The median income for a household in the city was $71,985, and the median income for a family was $75,941. Males had a median income of $51,523 versus $31,389 for females. The per capita income for the city was $29,370. About 1.1% of families and 1.8% of the population were below the poverty line, including 0.5% of those under age 18 and 2.8% of those age 65 or over.
==Education==

Shoreacres is within the La Porte Independent School District and is zoned to: Bayshore Elementary School, La Porte Junior High School, and La Porte High School.

Residents of La Porte ISD (and therefore Shoreacres) are zoned to San Jacinto College.

==Government==
Shoreacres is governed by a five-member city council under the city manager form of government as adopted under ORDINANCE No. 2017-266 that was approved by city council June 12, 2017. Council members serve staggered two-year terms.

On May 2, 2026 the voters of Shoreacres and La Porte voted to consolidate the City of Shoreacres into the City of La Porte.
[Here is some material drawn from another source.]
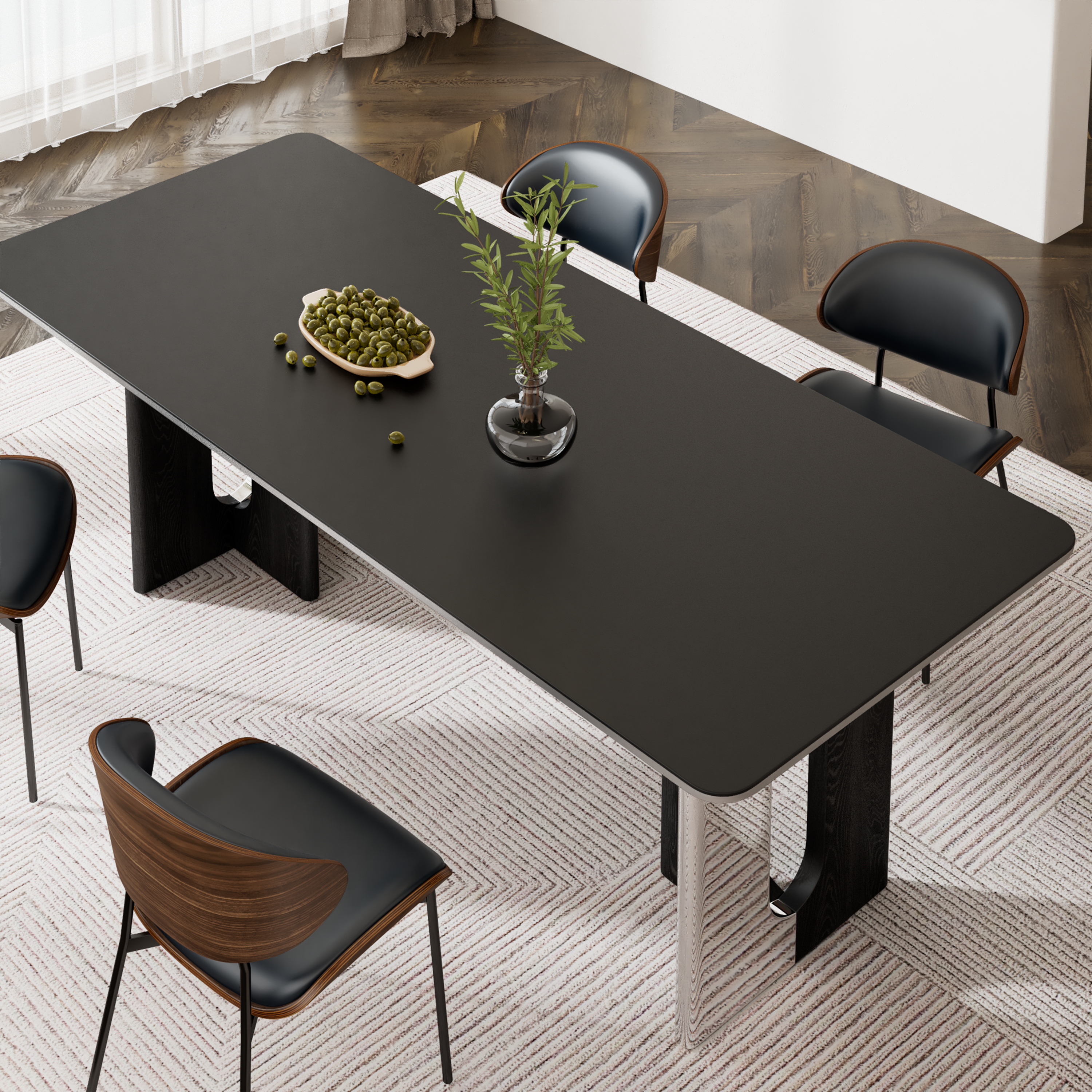 This dining table features clean lines as its primary design element, seamlessly blending classic style with everyday functionality. It presents a simple and bright aesthetic for dining. Whether it's for casual conversation or simply savoring life's little pleasures together, it's the perfect choice.
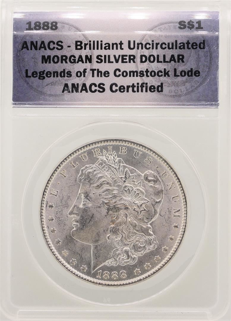 One 1888 $1 Morgan Silver Dollar Coin ANACS Brilliant Uncirculated. ANACS Certified.

On May 11, 2026, after both cities canvassed the election, the consolidation became effective.

The city provides police, recycling, parks, planning, zoning, floodplain management, and building code inspections among its services. The city provides fire, sanitation, and emergency medical services by contract.

Harris Health System (formerly Harris County Hospital District) designated Strawberry Health Center in Pasadena for ZIP code 77571. The nearest public hospital is Ben Taub General Hospital in the Texas Medical Center.

==Effects of Hurricane Ike, 2008==

On September 13, Hurricane Ike made landfall near Galveston, with 88 percent of the homes in Shoreacres suffering flood damage. No local deaths were reported.

==Transportation==
Harris County Transit operates public transportation.